Shani B. Daily, Cue Family professor of the practice, electrical and computer engineering

If you love someone, you give them a hard time.

It’s how Shani B. Daily, professor of the practice of electrical and computer engineering, was raised. It’s how young Black men tend to talk to their friends online. Yet a University of Chicago study showed that this playful teasing can be mistaken for bullying or threats unless one understands Black culture, Daily says. Without a diverse group programming and training AI, affection can be mistaken for its opposite.

“If you leave those kinds of cultural understandings outside of the design of technologies, then you’re either harming people or you’re further marginalizing people or you’re creating situations where you’re fabricating threats that aren’t there,” Daily says.

Shani B. Daily
Shani B. Daily

So she works at the junction of equity, tech, education and policy. Daily co-founded the Alliance for Identity-Inclusive Computing Education, or AiiCE, to open computer science to broader, more equitable participation. Diversity, she says, can mean race and ethnicity, socioeconomic status, disability, neurodiversity, sexuality and gender identity, or any intersection of these. Daily demystifies AI in schools and the general public as education and workforce director of the Athena AI Institute, whose goal is to transform the design, operation and services of mobile devices and networks. She has led AI roundtables with congresswomen, briefed congressional staffers and been recognized by North Carolina governor Roy Cooper for her STEM leadership.

AI affects us all. Daily believes that through participation and literacy we can affect it back.

“Exposing people in ways where they feel like they can participate and be a part of the conversation is success to me,” says Daily.

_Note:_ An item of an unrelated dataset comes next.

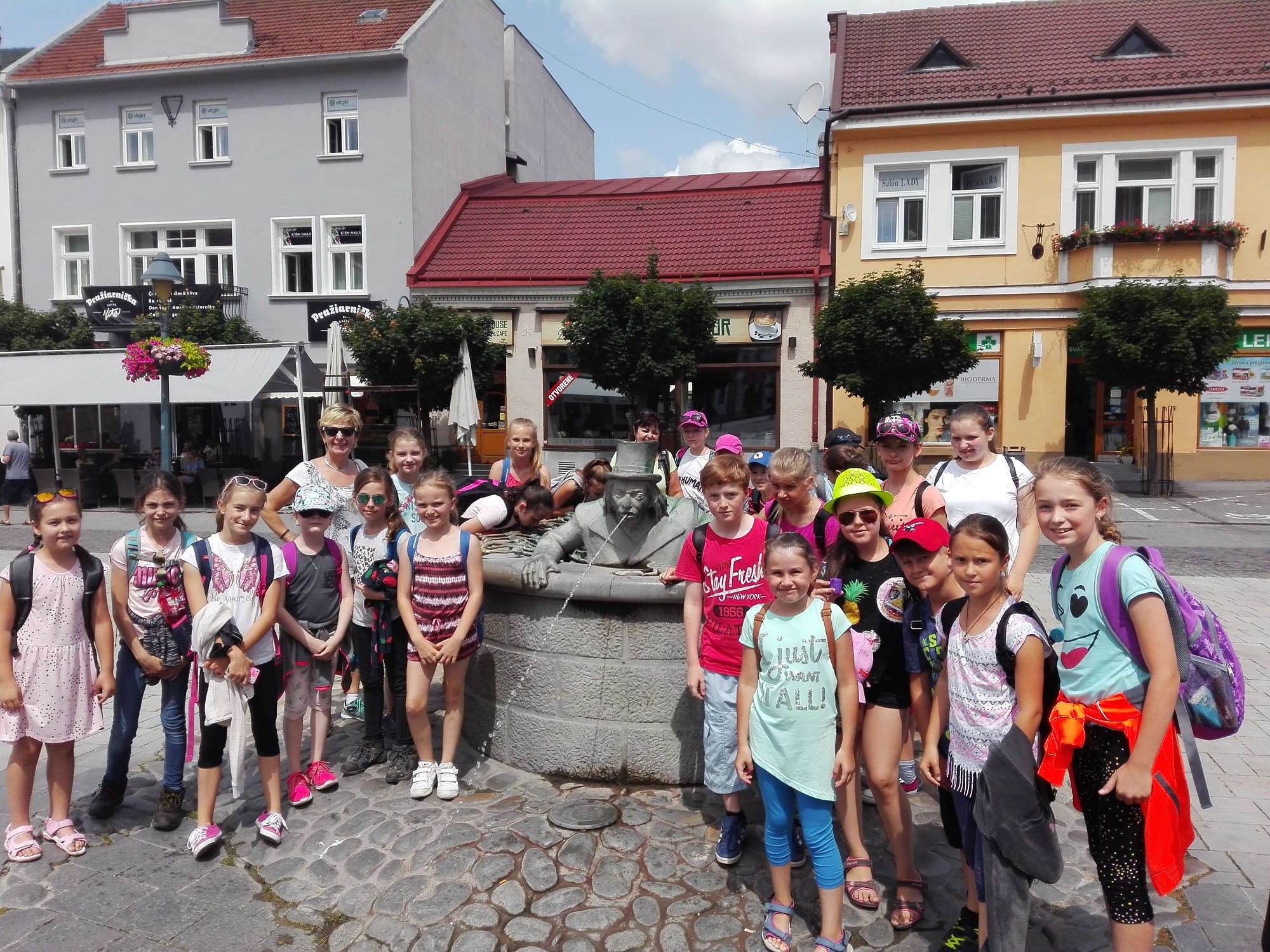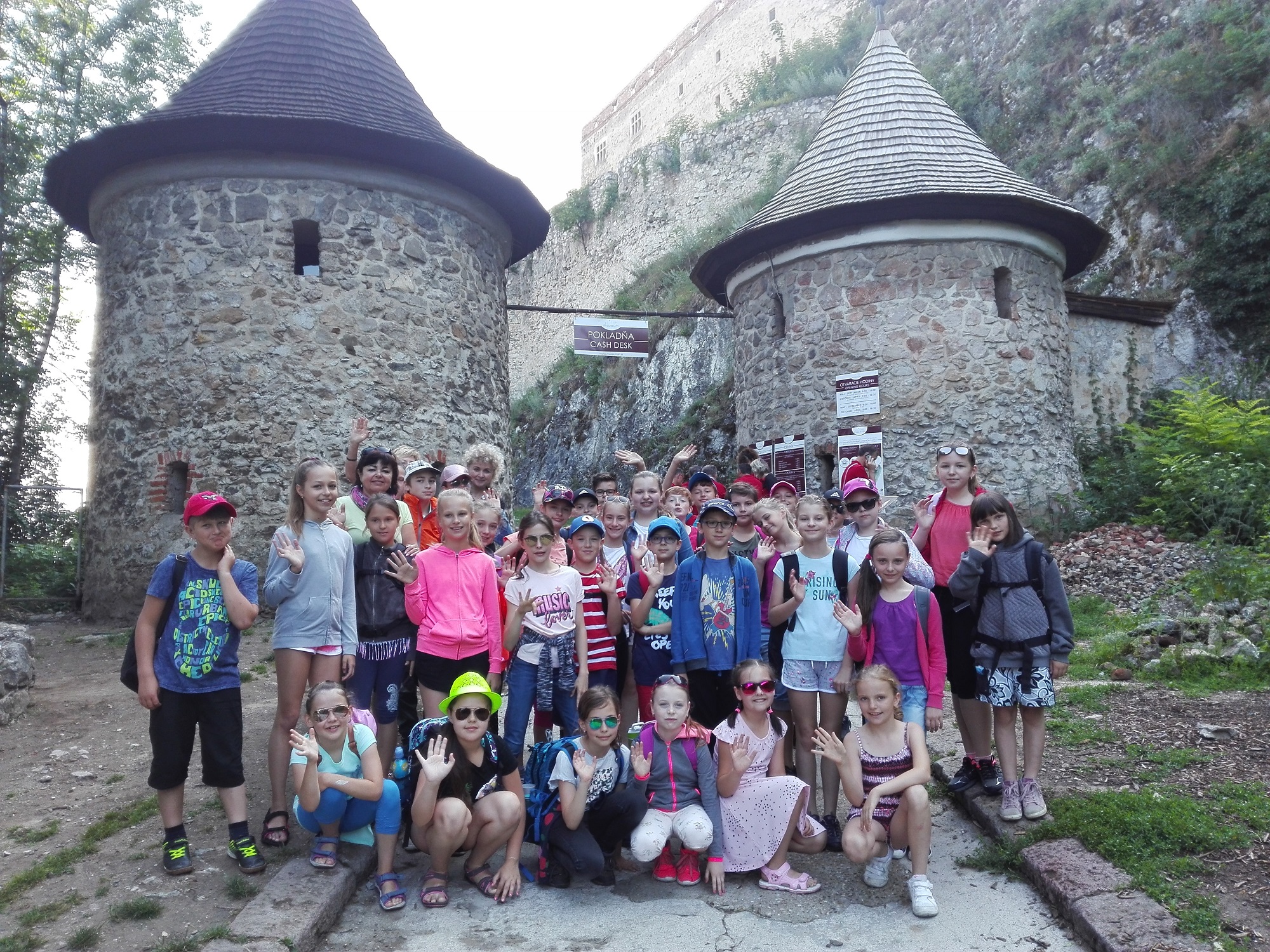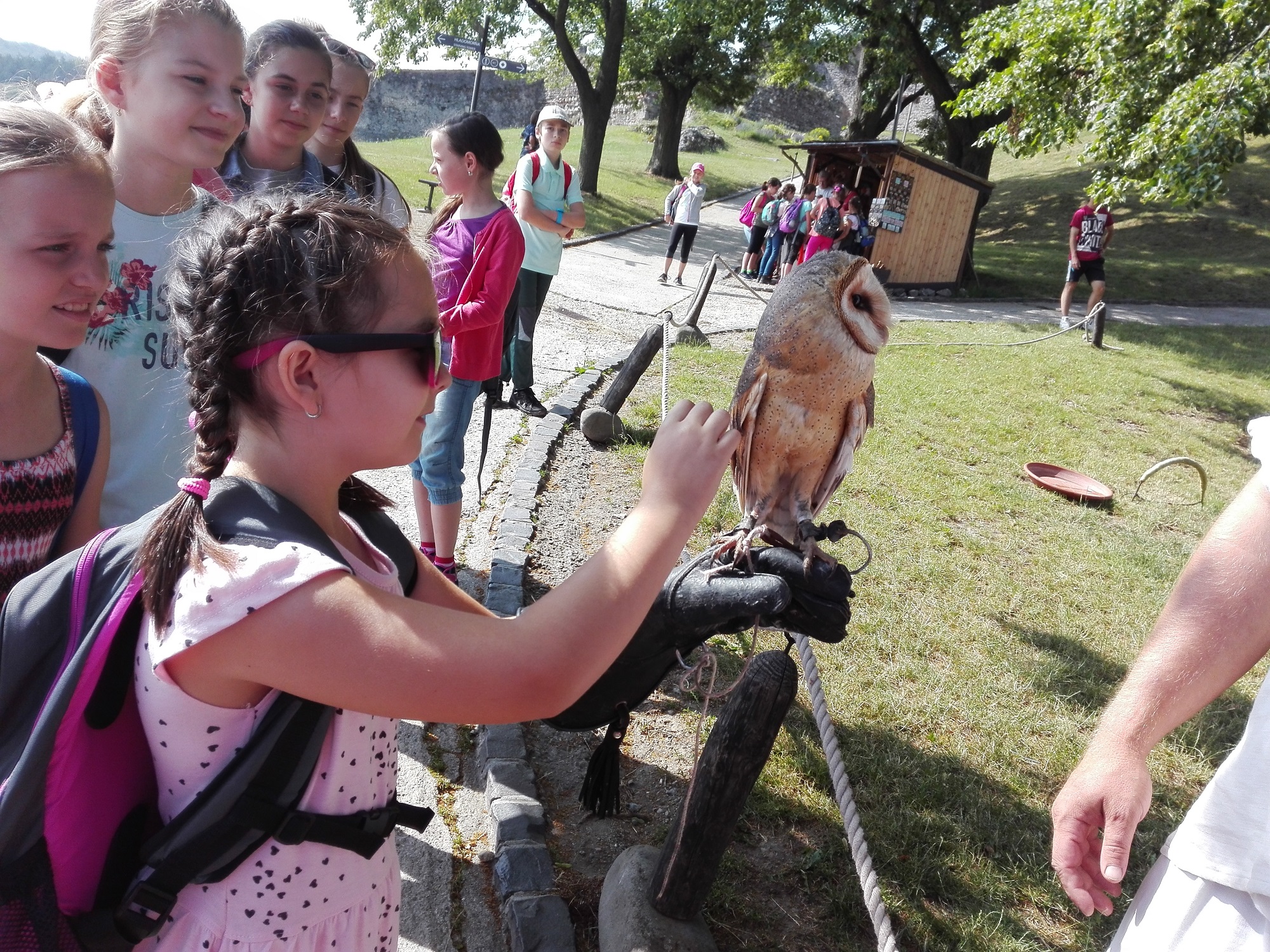 Na Trenčianský hrad a do Trenčianských Teplic se vydali žáci z páté, čtvrté a třetí třídy. Za celý výlet vděčíme Nadaci SYNOT. Děkujeme. Po příjezdu k hotelu Elizabeth v Trenčíně jsme se vydali malebnou cestou na zdejší středověký hrad, kde pro nás bylo nachystáno i několik aktivit a stánek se suvenýry. Mohli jsme si dokonce ponosit na ruce živou sovičku. Součástí hradu je i hladomorna a Matyášova věž. Tu jsme zdolali po zajímavých schodech, každý byl totiž jinak vysoký a jinak široký. Museli jsme si dávat pozor. Cesta vzhůru se vyplatila. Naskytl se nám totiž nádherný výhled na řeku Váh a blízké i vzdálené okolí. Po sestupu dolů nás čekalo vystoupení herců v dobových kostýmech v amfiteátru na nádvoří. A protože nám zbyla ještě chvilka do odjezdu, vydali jsme se na náměstí k fontáně, kterou tvořila socha vodníka. Kdo by odolal příjemnému ovlažení?
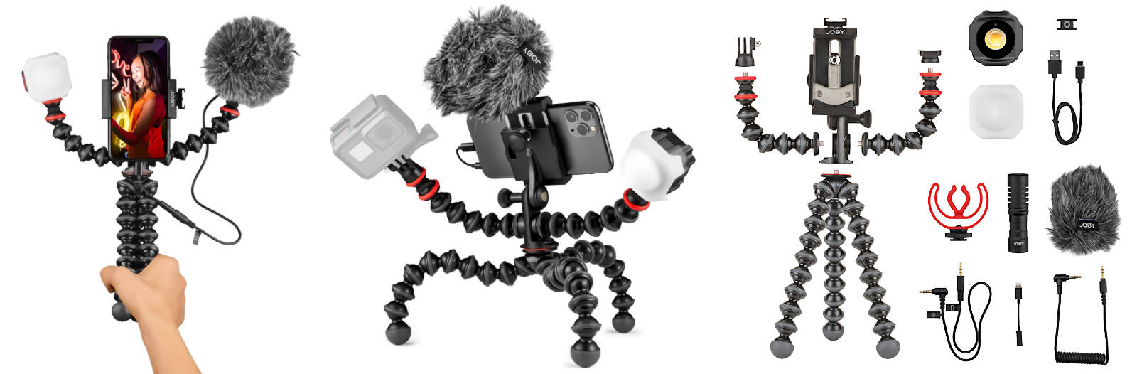 Das Kit, mit dem überall alles machbar ist, wurde zusammengestellt für die Influencer von heute und alle, die Beiträge auf dem Smartphone aufnehmen, für Youtuber, Instagrammer, Tiktoker usw. Das GorillaPod Vlogging-Kit für Smartphones macht aus Ihrem Telefon ein kleines Studio, mit dem Ihre Beiträge ganz gross rauskommen. Speziell abgestimmt auf die neueste Generation von Telefonen (iPhone 12, Pixel 4 usw.), enthält das Kit alles was Sie brauchen in einem kompletten Paket.

A Sampling of Duke Research

Even if someone isn’t going to be a software engineer, she says, they can be literate enough in advanced technology to know how AI will impact their lives. And they can be literate enough to spot human error in an algorithm’s design rather than just accepting an AI’s results at face value.

As for those errors, Daily’s solution is diversity, including diversity of disciplines. Social scientists, for instance, know that lower rates of minority homeowner loans come from the racist practice of redlining. If they’re in the room when a mortgage algorithm is designed, then it will be less biased.

“If you don’t know history, you don’t understand why your data is so skewed,” she says.